Com “coisas erradas” a Diretora Shermansky pode entender a situação e concluiu que a culpada não deveria ser Didra. Por sorte, Violette tinha “crédito” na escola e não havia ninguém ali que pudesse apontar algum dia no qual Violette tivesse contado alguma mentira.

– Não quero saber de culpados! – falou a diretora dispersando os alunos. – Sr. Élius leve a senhorita Iris para a enfermaria e cuide para que ela fique de roupa durante o período de aulas. – a diretora se virou e saiu.

– É claro, diretora. – respondeu educadamente Élius. – Com certeza.

Ele pegou Iris pelo braço, de maneira bem rude e a retirou da cena. Antes de ir, Didra conseguiu ver uma pequena mudança no Loveômetro de Iris. O medidor, antes zerado, havia se elevado em cerca de 5%. Seja lá o que ela tenha feito, ela fez a escolha certa.

– Didra… – disse Melody aproximando-se. – Eu sei que você tem problemas com o Élius e a Iris, mas envolver a Violette nisso? É muita falta de consideração com ela.

Novamente, naquele momento o mundo de Dee desacelerou e se tornou silencioso. A caixa branca com palavras, que ela já havia entendido que eram escolhas que afetariam o Loveômetro de todos a sua volta, apareceu.

A. Não sou a mãe da Violette. Não tenho nada a ver com isso.

B. Violette agiu por conta própria e não por ordens minhas.

C. Sim, eu envolvi ela nisso.


Dee sabia que tinha pouco tempo para escolher uma resposta. Analisou um pouco as opções. Uma resposta errada poderia colocar Violette contra ela. Por outro lado, talvez pudesse tornar aquela Melody como uma aliada. O tempo estava acabando e ela continuava em dúvida. Dee respirou fundo e…

– Violette agiu por conta própria e não por ordens minhas. – respondeu. – Ela sabe o que é certo ou errado. Ninguém precisa dizer o que ela tem ou não que fazer…

Violette se surpreendeu e Melody encarou Dee séria. Quando ela fez menção de responder, alguém a interrompeu.

– Com licença. Você é a moça do grêmio? Eu sou um aluno novo aqui. – era Dean. – Me falaram pra procurar você.

Ele estava muito suado e ofegante e entregou para ela uma pasta com documentos. Melody viu o rapaz, analisando-o de cima a baixo e abriu um largo sorriso, enquanto Nathaniel o encarou com raiva e ciúmes. Dean, se percebeu o olhar, nada disse. Melody abriu a pasta e começou a ler as folhas.

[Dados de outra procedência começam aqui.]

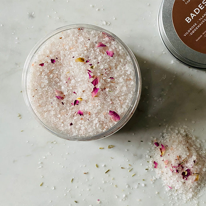 Badsaltet innehåller naturligt Dödahavssalt & Himalayasalt, ekologiska eteriska oljor från ylang-ylang, vildros & apelsin och torkade ekologiska rosenblad.

– Olha só. Bom, seja bem-vindo… Dean O’connel. Eu espero que você possa me ajudar a controlar um pouco a sua irmã. – disse Melody olhando para Dee, que surpreendeu-se e olhou para Dean confusa. – Seja bem-vindo a Sweety Amoris. Venha comigo, eu vou lhe mostrar a escola e os bebedouros. Parece que você correu até aqui.

– Não queria perder o horário das aulas. – respondeu Dean sorrindo. – Espero quenão se incomode…

– Bom, não se preocupe com isso. – ela fechou a pasta e colocou nas mãos de Nathaniel rudemente. – Será que, pelo menos, isso… – ela enfatizou a palavra. – …você tem capacidade de resolver, Nathaniel?

– Claro, Melody. – respondeu o rapaz. – Não se preocupe…

– Por aqui, Dean. – Melody ofereceu o braço para ele. – Permita-me acompanhá-lo até a Sala do Grêmio… Vou te mostrar tudo!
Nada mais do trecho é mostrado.